Despite everything I said about my not-real-composition perspective on composition, I still find it useful to think of these properties in real-composition terms. For instance, if we visually think of elements as Lego blocks, laid on one side, then the left (right) element can be viewed as describing the connection interface of the left (right) side of an element. Then we can imagine hooking the right of \(a\) to the left of \(b\) as possible when their descriptions are compatible, leaving the left of \(a\) still visible and available, and the right of \(b\) still visible and available. However, one must keep in mind that our notion of composition is not real hooking together of blocks: you can imagine \(C(a,b)\) as being a distinct larger monolithic Lego block that has no seams, but acts as though you had hooked an \(a\) and \(b\) together. So the composite is an element that looks “as if” it had been constructed by linking an \(a\) and \(b\), though one did not. What a strange Lego set, where you never compose, since you already have all the aggregates. This perspective guides how I interpret the properties of \(C\).
The first two properties completely determine the left and right elements of composites: \(L(C(a,b)) = L(a)\) and \(R(C(c,b)) = R(b)\). Given a bag of elements, each of which has known left and right elements, these properties constrain which associated composites are plausible.

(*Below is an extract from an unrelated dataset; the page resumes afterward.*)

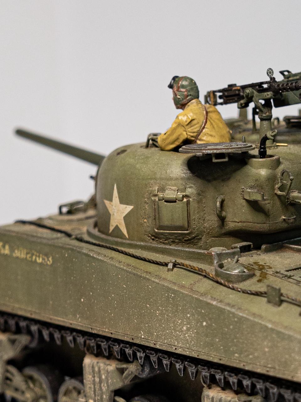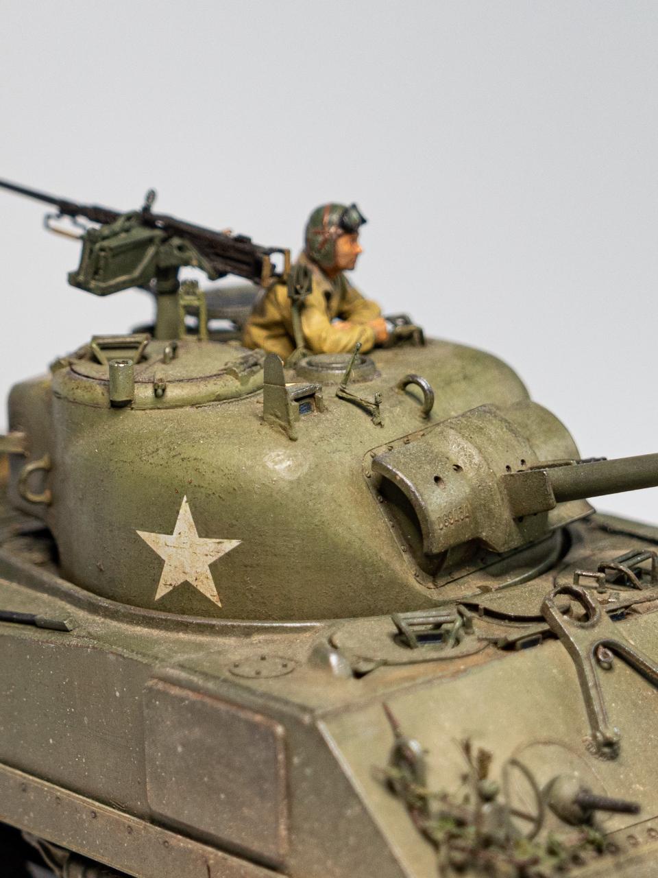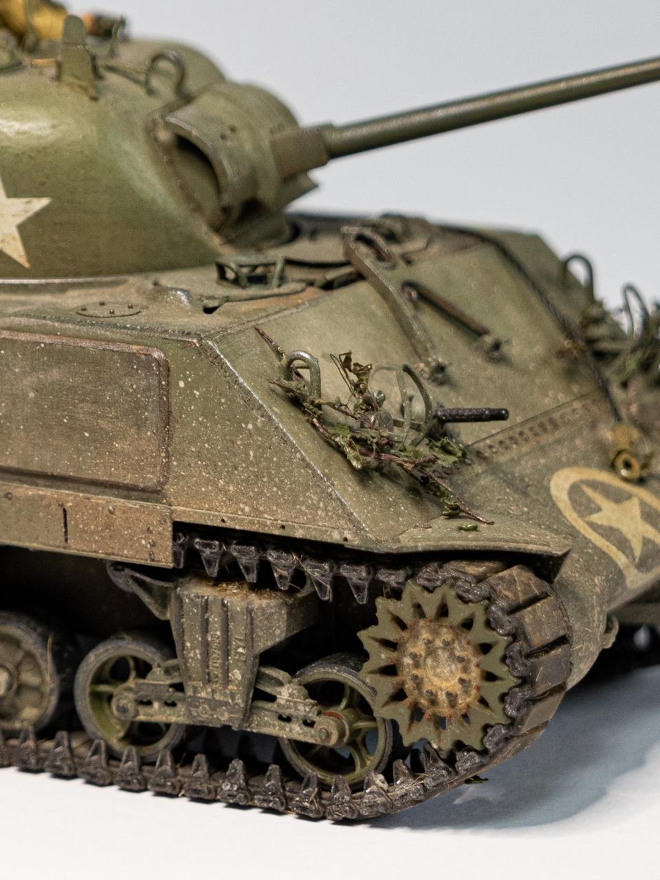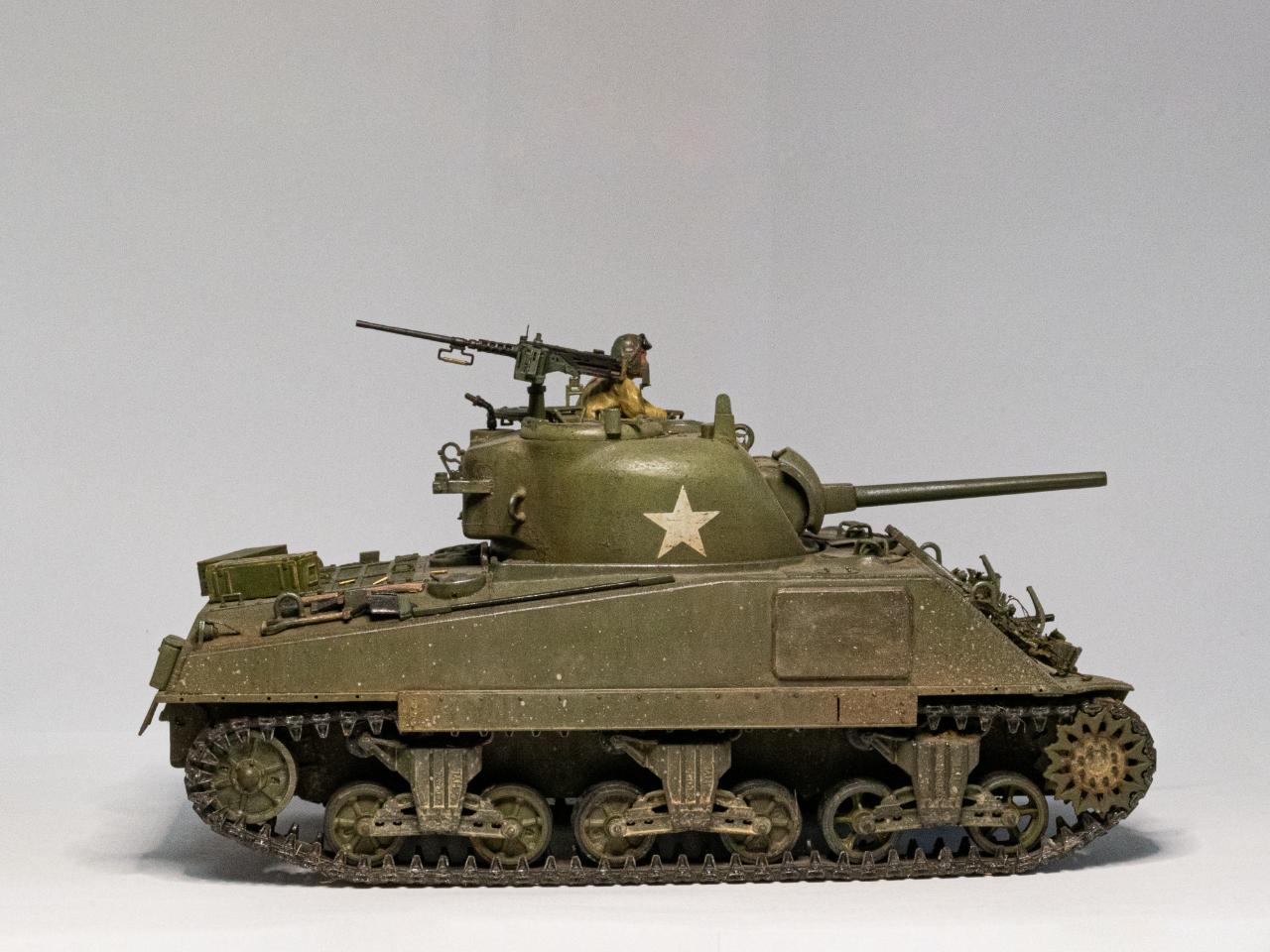 아카데미의 셔먼칼리오페키트에 데프예칭, 미니아트궤도, 타미야전차병 사용해서 완성했습니다. 아카데미셔먼의 높은전고가 마음에들지않아 서프펜션 각도수정 해주었습니다.
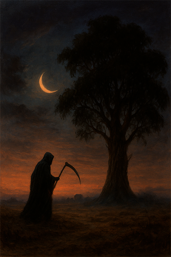 Puede parecer extraño, pero cada veintiuno de junio, cuando se acerca el momento, un rumor de hojas se extiende desde el Eucalipto. Un rumor lejano que parece gritar, con la voz de Ruth, “¡fuego, fuego!” Y cuando el Hombre de la Guadaña desaparece con sus remolinos negros tras él, una brisa suave nos acaricia los rostros, y entonces volvemos a entrar en las casas…

We have more relationships that connect left and right elements to composites. The names left and right come from the relationship between these elements and composition, partly because of the above property, but also because of the following ones: \(C(L(a),a) = a\) and \(C(a,R(a)) = a\). So to use terms from algebra \(L(a)\) is a left unit of \(a\) with respect to \(C\), and \(R(a)\) is a right unit of \(a\) with respect to composition. These properties are what motivates the name unit elements because of their status as left or right units of some other element(s) with respect to composition. This further emphasizes the sense in which the element \(L(a)\) describes the left interface of \(a\) (and does nothing more), and \(R(a)\) describes the right interface of \(a\) and nothing more. My image is of an infinitesimally thin Lego block, so thin that its left interface and its right interface can’t help but be described by the same element...namely itself! And hooking it onto the left of something for which it is a left unit makes no perceptible difference, and same for the right. Stepping back for a moment, what fascinates me here is that some elements, namely the unit elements, can be used as both subjects of composition as well as descriptors for all and only those pairs of elements that yield well-formed compositions. I find this parsimony and economy of concepts viscerally satisfying, at least in the abstract.
Finally, the associations among elements that are described by composition carry a strong coherence property, which can be described succinctly, but I will spell it out in a way that better matches my thinking. Suppose three elements, \(a\), \(b\), and \(c\), and suppose that \(R(a) = L(b)\) and also \(R(b) = L(c)\). We assume nothing about \(L(a)\) or \(R(c)\) except that such elements must exist. Now, the above two equalities imply the existence of some composite element \(d = C(a,b)\) associated with \(a\) and \(b\), and some other composite element \(e = C(b,c)\) associated with \(b\) and \(c\). Now, because of the earlier composition properties, \(L(e) = L(C(b,c)) = L(b)\), so there must be an element \(f = C(a,e)\), and since \(R(d) = R(C(a,b)) = R(b)\), there must be an element \(g = C(d,b)\). The property we demand is that \(f = g\): these two distinct orders of composition yield identical associated elements. This property implies that given any sequence of elements \((a, b, c, ... z)\) such that the right element of one is identical to the left element of the subsequent element, then sequentially composing elements according to any strategy of compositions (e.g., first-to-last, last-to-first, middle-out, random) yields a unique associated element \(a \mathbin{C}b \mathbin{C}\cdot \mathbin{C}z\). We could concisely say that composition is “associative”: \(C(C(a,b),c) = C(a,C(b,c))\), but I like to draw this out and dwell on it. It’s a strong coherence property with respect to identity.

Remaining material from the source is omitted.